▶ Raw data
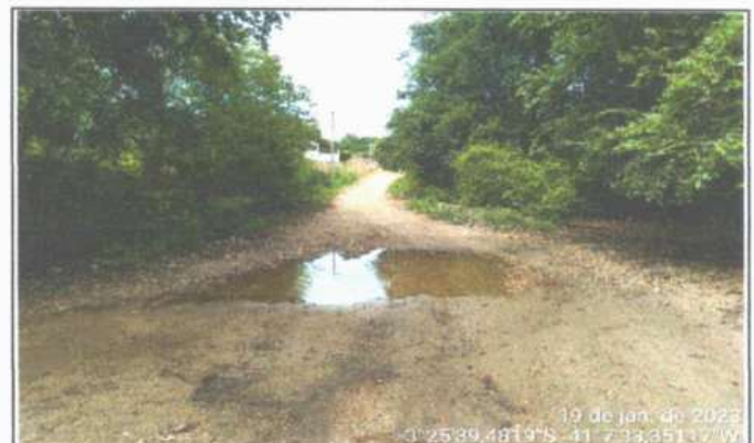
FOTO 6 - LOCAL DA CONSTRUÇÃO - BUEIRO RETANGULAR
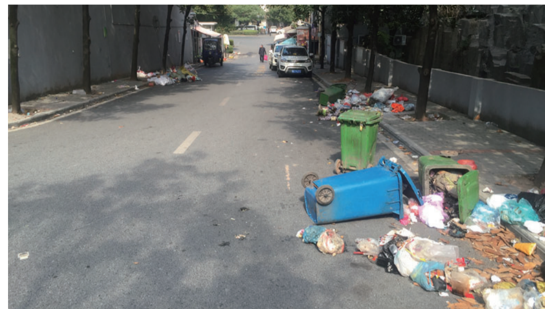
▲小区路边垃圾满地,散发着异味
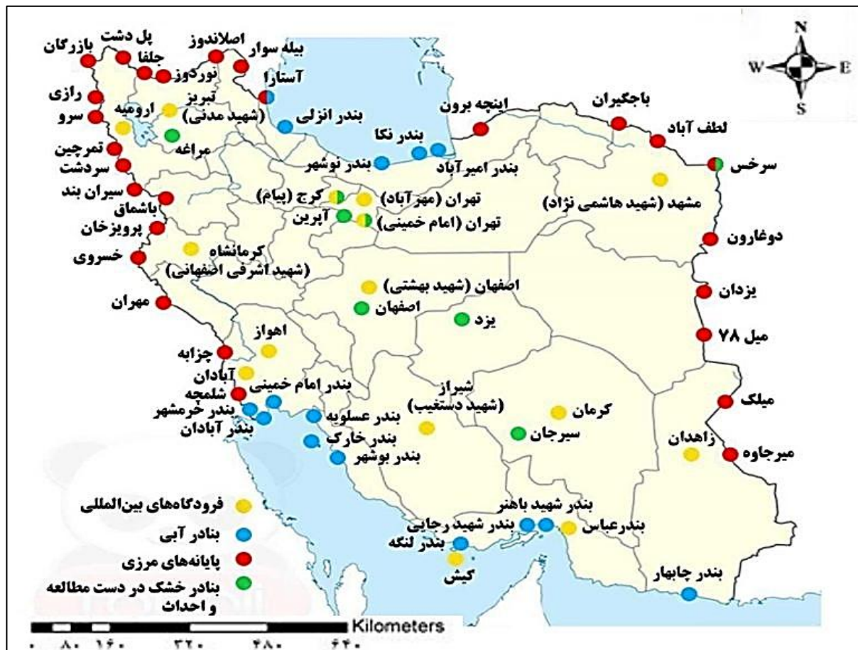
نقشه شماره ۲- بازارچه‌های مرزی ایران

صادرات از محل تجارت چمدانی به لحاظ ارزشی بوده‌اند. بدین ترتیب در هشت ماهه سال ۱۳۹۵ میزان صادرات از محل تجارت چمدانی به لحاظ ارزش ۲۹۲/۴۵ میلیون دلار و میزان صادرات از بازارچه‌های مرزی ۲۴۵/۶۲ میلیون دلار بوده است (Ibid., 2013: 101).

▶ What to produce
Every line above should be repeated exactly; pictures stay out of the copy.

▶ Expected output
FOTO 6 - LOCAL DA CONSTRUÇÃO - BUEIRO RETANGULAR
▲小区路边垃圾满地,散发着异味
نقشه شماره ۲- بازارچه‌های مرزی ایران

صادرات از محل تجارت چمدانی به لحاظ ارزشی بوده‌اند. بدین ترتیب در هشت ماهه سال ۱۳۹۵ میزان صادرات از محل تجارت چمدانی به لحاظ ارزش ۲۹۲/۴۵ میلیون دلار و میزان صادرات از بازارچه‌های مرزی ۲۴۵/۶۲ میلیون دلار بوده است (Ibid., 2013: 101).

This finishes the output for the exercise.